DATA SEGMENT

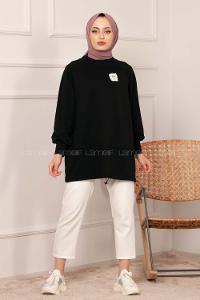 Lamelif İki iplikli Arma Detaylı Sweat Tunik Siyah
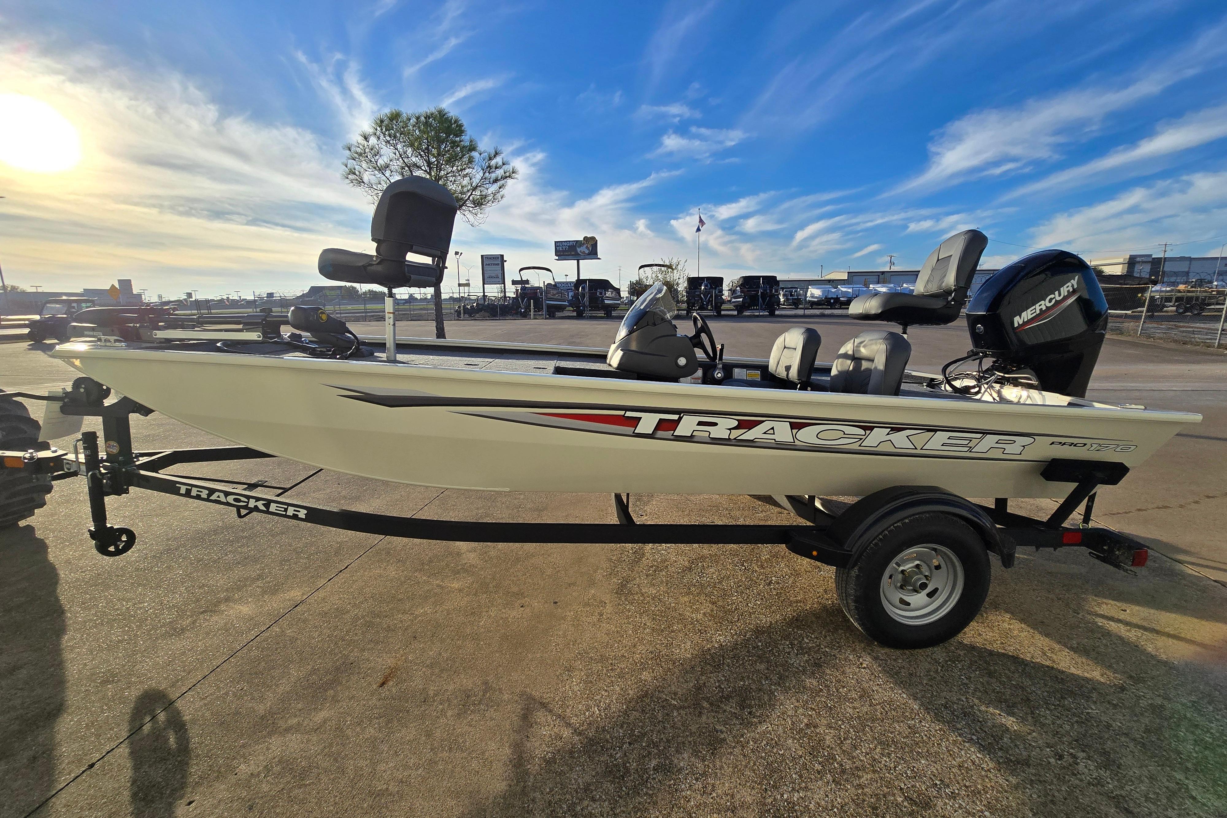 The TRACKER® PRO 170 is expertly crafted to offer a perfect balance of spacious fishing area, easy towing and storage, and a range of tournament-ready features. Equipped with a Mercury® outboard motor, Minn Kota® Edge trolling motor, Garmin® Striker 4 color fishfinder, aerated livewell, VERSATRACK® accessory-mounting channels, and more, this boat is packed with essential tools for a successful day on the water. Built with meticulous attention to quality, each PRO 170 provides peace of mind and durability, ensuring lasting memories. Its vibrant, durable finish is achieved through our next-generation DIAMOND COAT 3.0 paint process, which maintains its brilliance with minimal maintenance. From its thoughtful design to its comprehensive features, the PRO 170 exemplifies TRACKER’s dedication to equipping anglers for success. Cast with confidence—your adventure begins with the TRACKER® PRO 170 beneath you.
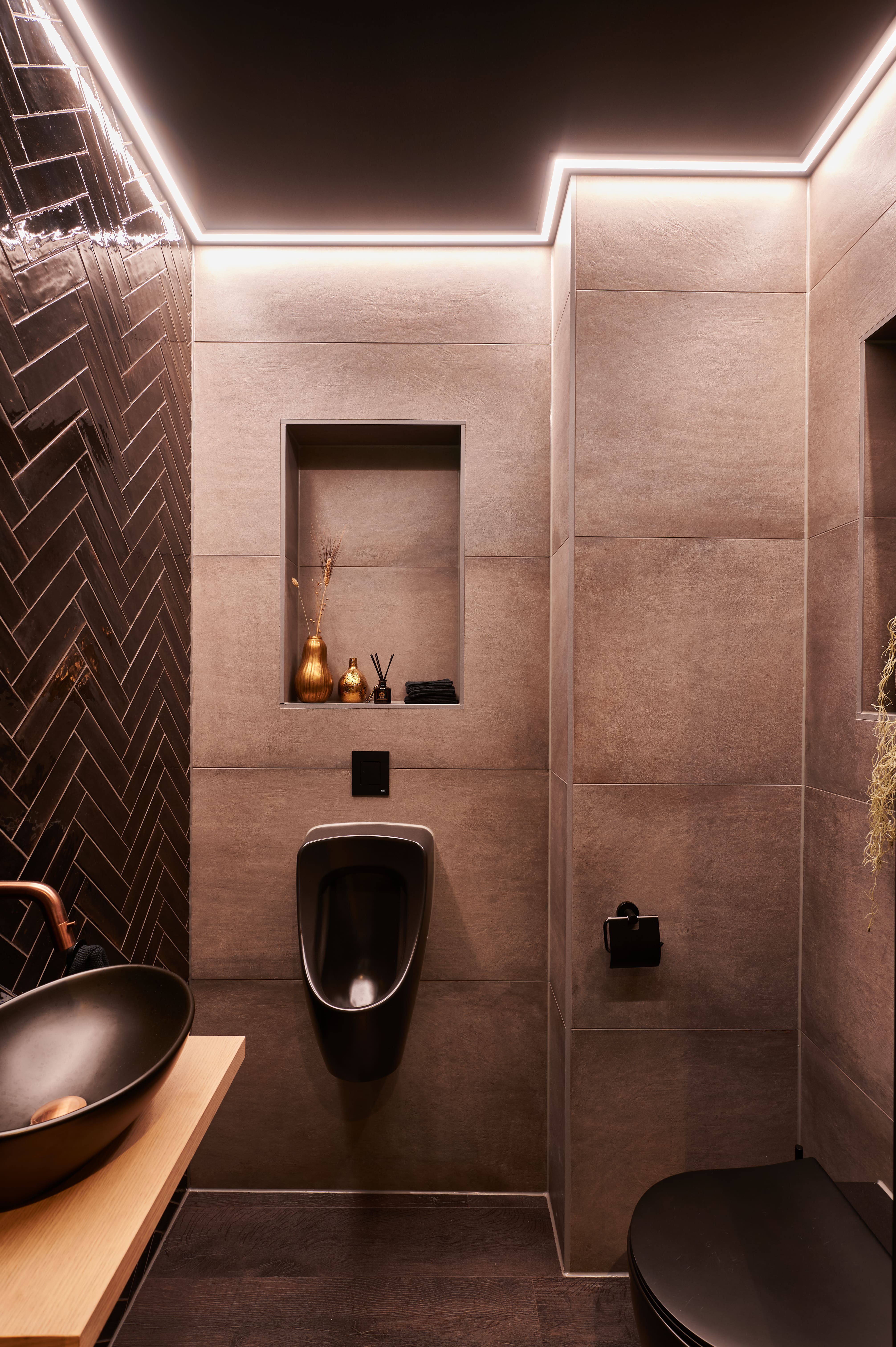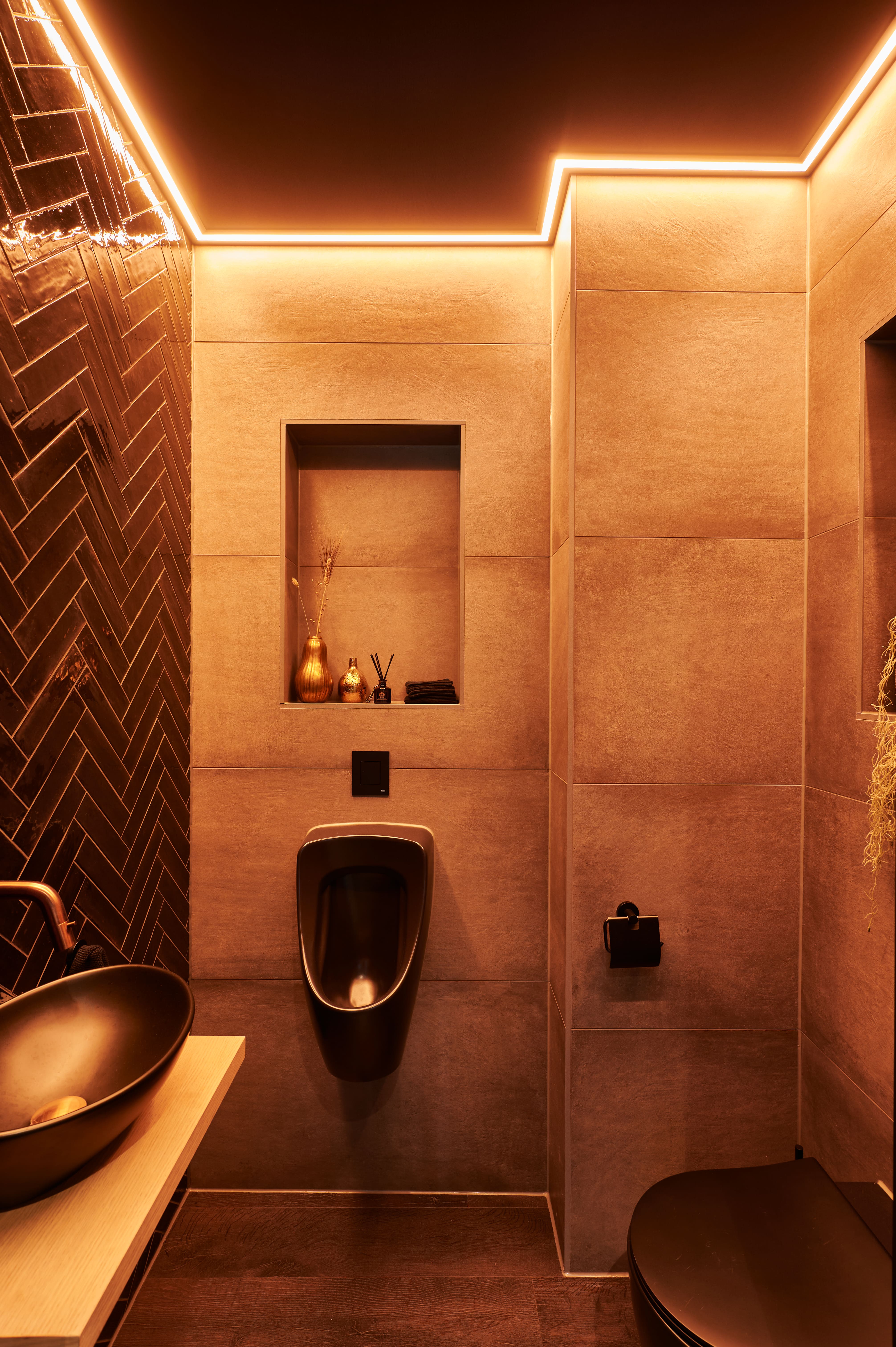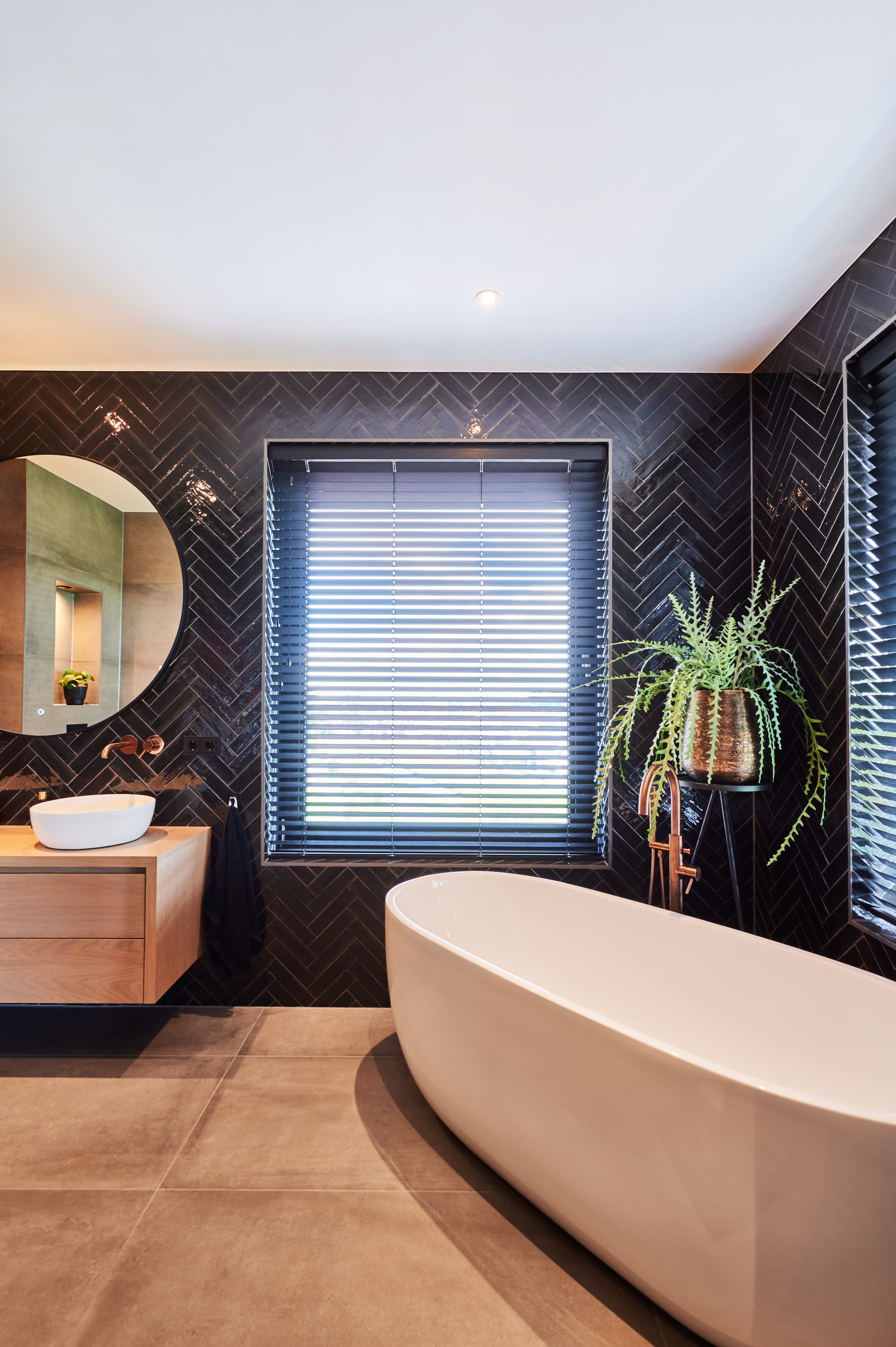 Een wellness-ervaring in eigen huis. Deze badkamer is ontworpen met het comfort van een spa in gedachten. De warme materialen, sfeervolle verlichting en ruime opzet maken elke badbeurt tot een moment van ontspanning.
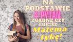 Na podstawie 4 pytań, zgadnę czy lubisz matematykę! Borisia • 5 lat temu • #matematyka Odpowiedz na cztery pytania, a ja zgadnę czy libisz matematykę! 7 2 Rozpocznij quiz

WHAT IS BEING ASKED
Output the data above verbatim, pictures excluded.

ANSWER FOR THIS EXERCISE
 Lamelif İki iplikli Arma Detaylı Sweat Tunik Siyah
 The TRACKER® PRO 170 is expertly crafted to offer a perfect balance of spacious fishing area, easy towing and storage, and a range of tournament-ready features. Equipped with a Mercury® outboard motor, Minn Kota® Edge trolling motor, Garmin® Striker 4 color fishfinder, aerated livewell, VERSATRACK® accessory-mounting channels, and more, this boat is packed with essential tools for a successful day on the water. Built with meticulous attention to quality, each PRO 170 provides peace of mind and durability, ensuring lasting memories. Its vibrant, durable finish is achieved through our next-generation DIAMOND COAT 3.0 paint process, which maintains its brilliance with minimal maintenance. From its thoughtful design to its comprehensive features, the PRO 170 exemplifies TRACKER’s dedication to equipping anglers for success. Cast with confidence—your adventure begins with the TRACKER® PRO 170 beneath you.
 Een wellness-ervaring in eigen huis. Deze badkamer is ontworpen met het comfort van een spa in gedachten. De warme materialen, sfeervolle verlichting en ruime opzet maken elke badbeurt tot een moment van ontspanning.
 Na podstawie 4 pytań, zgadnę czy lubisz matematykę! Borisia • 5 lat temu • #matematyka Odpowiedz na cztery pytania, a ja zgadnę czy libisz matematykę! 7 2 Rozpocznij quiz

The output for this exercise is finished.